The service exposes a RESTful API for managing the tasks, which is implemented in the usual way:

`src/app.js`

const bodyParser = require('body-parser')
const express = require('express')

const Task = require('./task')

const app = express()

app.use(bodyParser.json())

// Is the service up?
app.get('/status', (req, res) => res.sendStatus(204))

// List tasks.
app.get('/api/tasks', async (req, res, next) => {
  try {
    const tasks = await Task.query().orderBy('id')
    res.json({ tasks })
  } catch (error) {
    next(error)
  }
})

// Create a new task.
app.post('/api/tasks', async (req, res, next) => {
  try {
    const task = await Task.query().insert({
      description: req.body.description
    })
    res.json({ task })
  } catch (error) {
    if (error instanceof Task.ValidationError) {
      res.status(400).json({ error: { message: error.message } })
      return
    }
    next(error)
  }
})

// Check the id route param looks like a valid id.
app.param('id', (req, res, next, id) => {
  if (/^\d+$/.test(req.params.id)) return next()
  res.sendStatus(404)
})

// Complete a task (by deleting it from the task list).
app.delete('/api/tasks/:id', async (req, res, next) => {
  try {
    await Task.query().deleteById(req.params.id)
    res.sendStatus(204)
  } catch (error) {
    next(error)
  }
})

module.exports = app

The API endpoints are relatively thin wrappers around the ORM, because there’s not much logic in a TODO list app, but we’ll still find some worthwhile things to test.

Behind the scenes, there is also some boilerplate for database connection strings, database access, database migrations, and running the server.

Dockerfile and Compose for Development

Next let’s see how to get the service running in development. I’ve followed the approach in my previous post to set up Dockerfile that handles getting node and its dependencies installed, so here let’s focus on the Compose file:

`docker-compose.yml`

version: '3.7'

services:
  todo:
    build:
      context: .
      target: development
    command: npx nodemon server.js
    depends_on:
      - postgres
    environment:
      PORT: 8080
    ports:
      - '8080:8080'
    volumes:
      - .:/srv/todo
      - todo_node_modules:/srv/todo/node_modules

  postgres:
    image: postgres:12
    environment:
      POSTGRES_HOST_AUTH_METHOD: trust

volumes:
  todo_node_modules:

It’s short but fairly dense. Let’s break it down:

The Compose file defines two services, our todo API service and its database, postgres.
The todo service is built from the current directory, using the development stage of the multi-stage Dockerfile, like in my last post.
The command runs the service in the container under nodemon, so it will restart automatically when the code changes in development.
The todo service depends_on the postgres database; this just ensures that the database is started whenever the todo service starts.
The todo service uses the PORT environment variable to decide what port to listen on in the container, here 8080. The ports key then tells compose to expose port 8080 in the container on port 8080 on the host, so we can access the service on http://localhost:8080.
The volumes are set up to allow us to bind the service’s source files on the host into the container for fast edit-reload-test cycles, like in my last post.
There’s not much to the postgres service, because we’re using it as it comes. It’s worth noting that the image is fixed to version 12, which is the latest at the time of writing. It’s a good idea to fix a version (at least a major version) to avoid accidental upgrades.

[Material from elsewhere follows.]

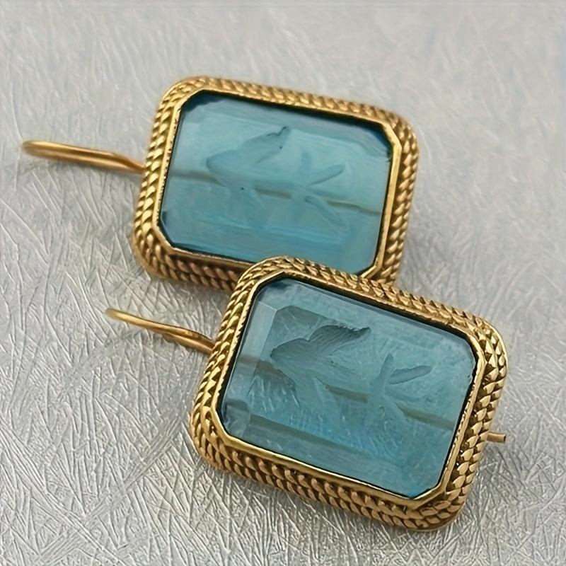 Chic geometric printed earrings with a vintage golden tone copper design and resin inlay. Ideal for daily wear or as holiday Christmas jewelry.

Development Helper Scripts

Now that Compose is set up, let’s see how to use it. While not strictly speaking required, it is often helpful to write some shell scripts to automate common tasks. This saves on typing and helps with consistency. The most interesting script is the bin/up script, which handles the initial setup and can also be safely re-run to make sure you are up to date after pulling in remote changes:

`bin/up`

#!/usr/bin/env bash

set -e

docker-compose up -d postgres

WAIT_FOR_PG_ISREADY="while ! pg_isready --quiet; do sleep 1; done;"
docker-compose exec postgres bash -c "$WAIT_FOR_PG_ISREADY"

for ENV in development test
do
  # Create database for this environment if it doesn't already exist.
  docker-compose exec postgres \
    su - postgres -c "psql $ENV -c '' || createdb $ENV"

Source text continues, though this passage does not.